The data transfers performed by readv() and writev() are atomic: the data written by writev()
is written as a single block that is not intermingled with output from writes in other processes
(but see pipe(7) for an exception); analogously, readv() is guaranteed to read a contiguous
block of data from the file, regardless of read operations performed in other threads or processes
that have file descriptors referring to the same open file description (see open(2)).

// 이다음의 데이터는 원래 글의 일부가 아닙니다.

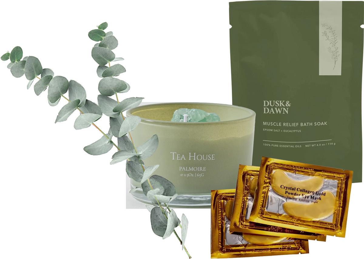 Wedding vibes in a box! This set includes Dawn + Dusk Muscle Relief Bath Soak, a 3 oz Tea House candle (scent notes of green tea, lemon and jasmine), a pack of three Lux Glow Skin gold eye masks, and two faux eucalyptus stems. All this comes beautifully packaged in a white branded gift box with a branded handwritten card.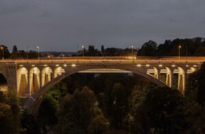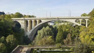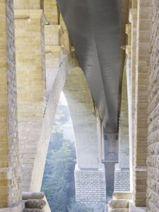 One of the most spectacular entrances to the town is the 1903 Pont Adolphe bridge, a 501 feet long stone structure and a beloved historic landmark. When cracks were discovered in the bridge in 1996, plans were made to stabilize and widen it. Great care was taken to retain the historic look of the bridge. As part of the restoration process, all the stones creating the arches were numbered, removed and taken away for cleaning. When the work was completed in 2016, the stones were put back in place like assembling a giant puzzle. The completed bridge has two one way traffic lanes and two tram lanes plus an award-winning new feature, bicycle and pedestrian lanes hung under the vehicular roadway.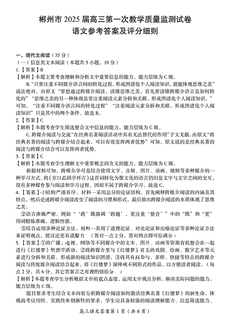 湖南省郴州市2025届高三第一次教学质量监测试卷语文答案

그래서 writev() 구현을 보면 잠금 장치가 분명히 보일 것 같습니다. writev() 구현에서 잠금이 보이지 않았을 때 호출을 추적하기 시작했습니다. 내가 찾은 것은 다음과 같습니다. 리눅스 커널 소스코드를 처음으로 살펴보는데 오해가 있는 점 양해 부탁드립니다.

분석된 Linux 커널은 x86에서 4.4.0입니다.

writev() 구현은 fs/read_write.c:896에서 시작됩니다.

SYSCALL_DEFINE3(writev, unsigned long, fd, const struct iovec __user *, vec,u nsigned long, vlen)

그리고 동일한 파일 fs/read_write.c:863에 정의된 vfs_writev()를 호출합니다.

ssize_t vfs_writev(struct file *file, const struct iovec __user *vec,
           unsigned long vlen, loff_t *pos)
{
    if (!(file->f_mode & FMODE_WRITE))
        return -EBADF;
    if (!(file->f_mode & FMODE_CAN_WRITE))
        return -EINVAL;

    return do_readv_writev(WRITE, file, vec, vlen, pos);
}

여기서 do_readv_writev()는 fs/read_write.c:798에도 있으며 WRITE 유형의 경우 실행됩니다.

fn = (io_fn_t)file->f_op->write;
iter_fn = file->f_op->write_iter;
file_start_write(file);

file_start_write()는 include/linux/fs.h:2512의 인라인 함수입니다.

static inline void file_start_write(struct file *file)
{
    if (!S_ISREG(file_inode(file)->i_mode))
        return;
    __sb_start_write(file_inode(file)->i_sb, SB_FREEZE_WRITE, true);
}

S_ISREG()는 include/uapi/linux/stat.h:20에 정의되어 있으며 설명자가 일반 파일인지 확인하는 데 사용됩니다.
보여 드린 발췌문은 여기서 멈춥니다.